* Material provided *

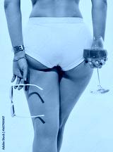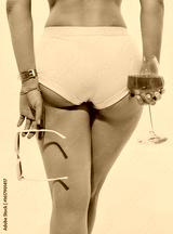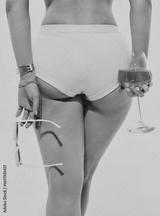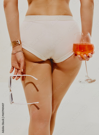 Close-up of back of woman in swimsuit holding cocktail and sunglasses walking in sunlight. Concept of summer fashion, beachwear branding, drink promotions, relaxed vacation lifestyle.
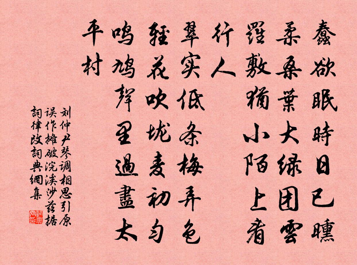 - 一簾紅雨桃花謝,十里清陰柳影斜。胡祗遹《陽春曲·春景》
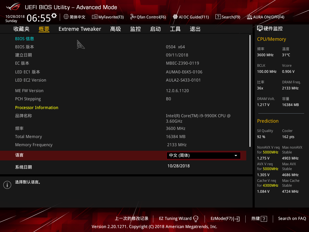 概要部分中可以查看主機配置的相關信息,包括處理器、內存以及BIOS版本等信息。
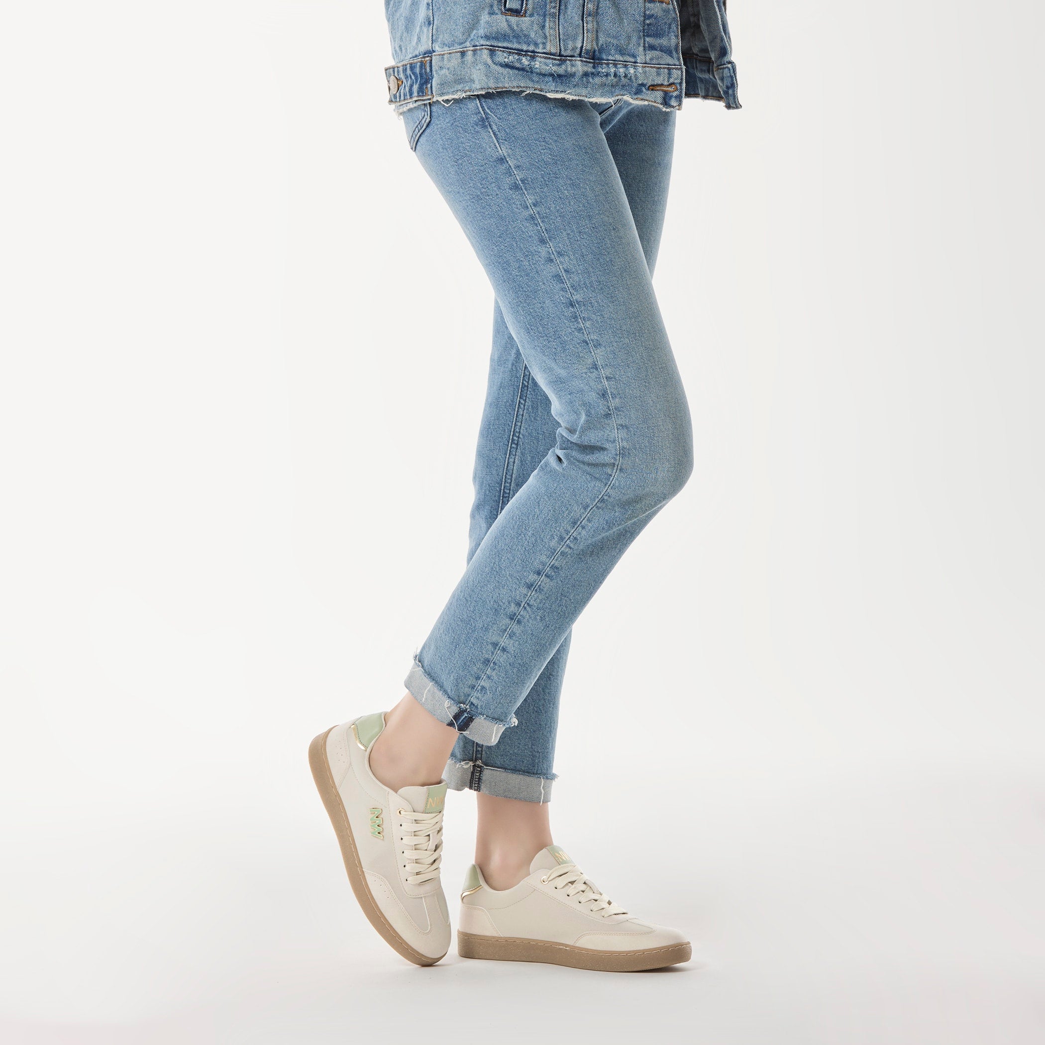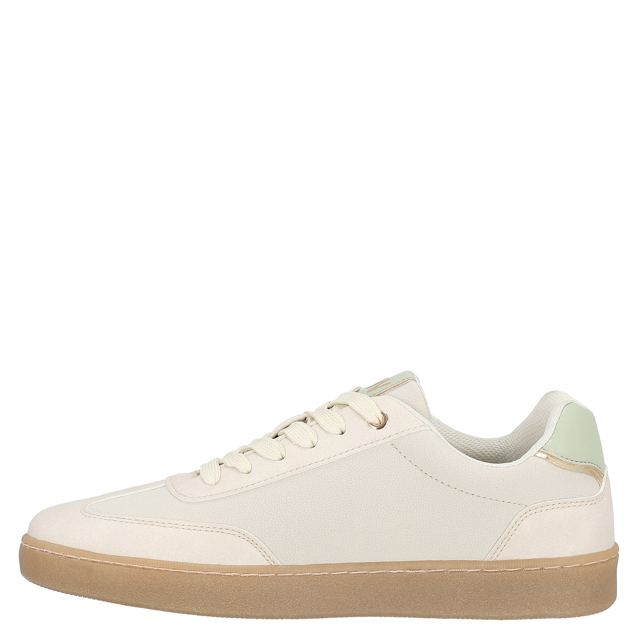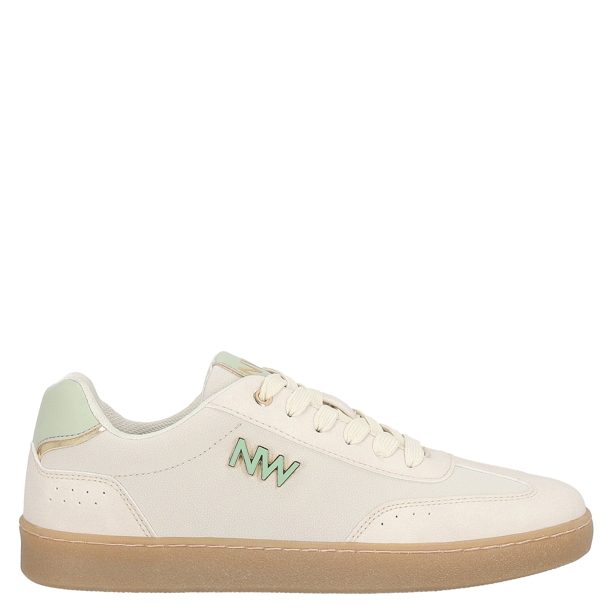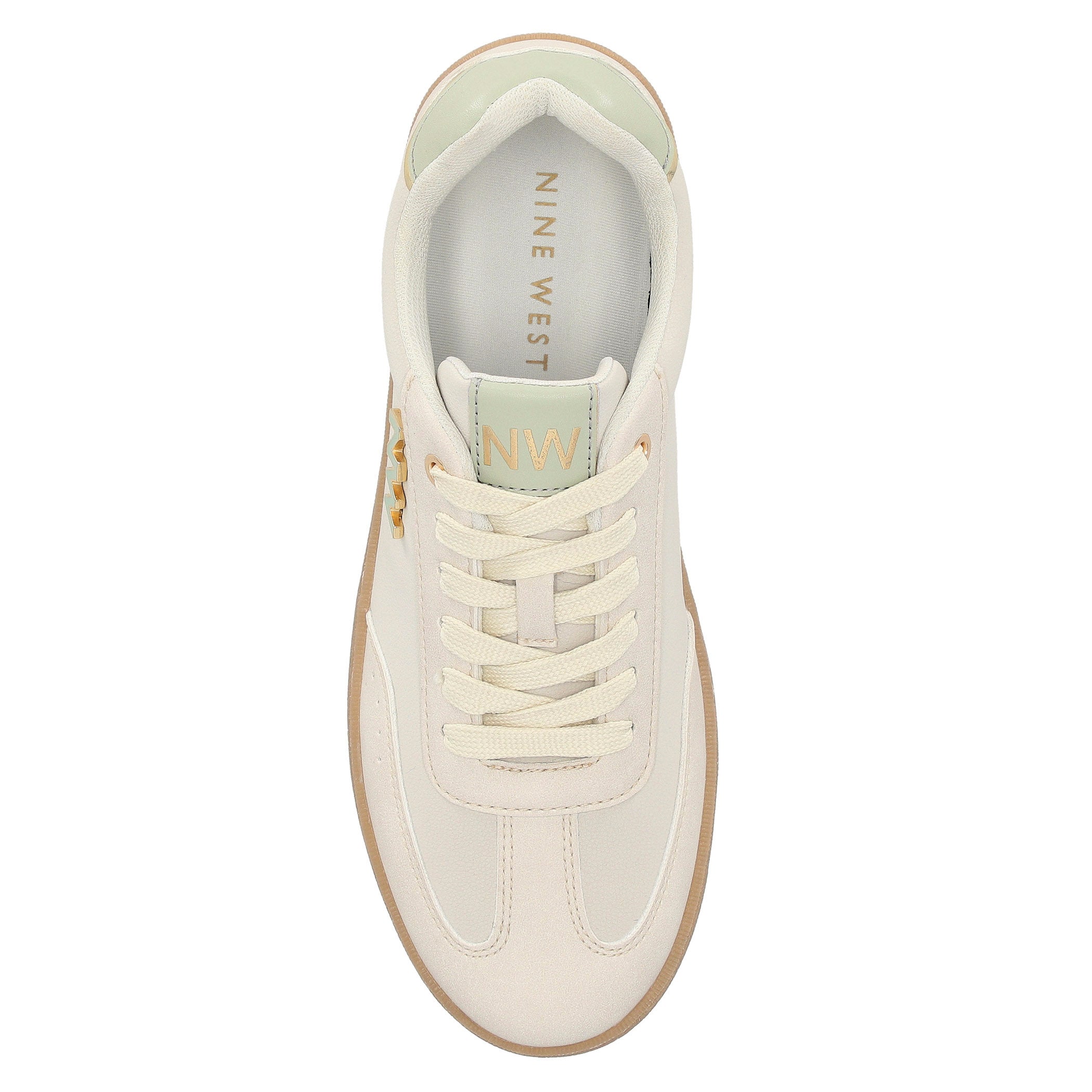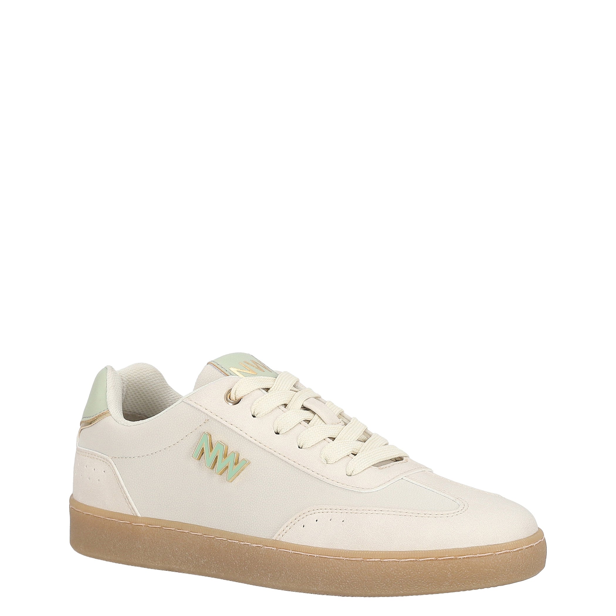 Tenis Nine West para mujer elaborado en material sintético con aplicación de herraje, estampado liso, fijación de agujeta, punta redonda, cuña flat y textura lisa.

* Exercise details *
Could you return, word for word, every line from the line with "概要部分中可以查看主機配置的相關信息,包括處理器、內存以及BIOS版本等信息。" through the last line of the listing above, both ends included, without any pictures?

* Result *
 概要部分中可以查看主機配置的相關信息,包括處理器、內存以及BIOS版本等信息。
 Tenis Nine West para mujer elaborado en material sintético con aplicación de herraje, estampado liso, fijación de agujeta, punta redonda, cuña flat y textura lisa.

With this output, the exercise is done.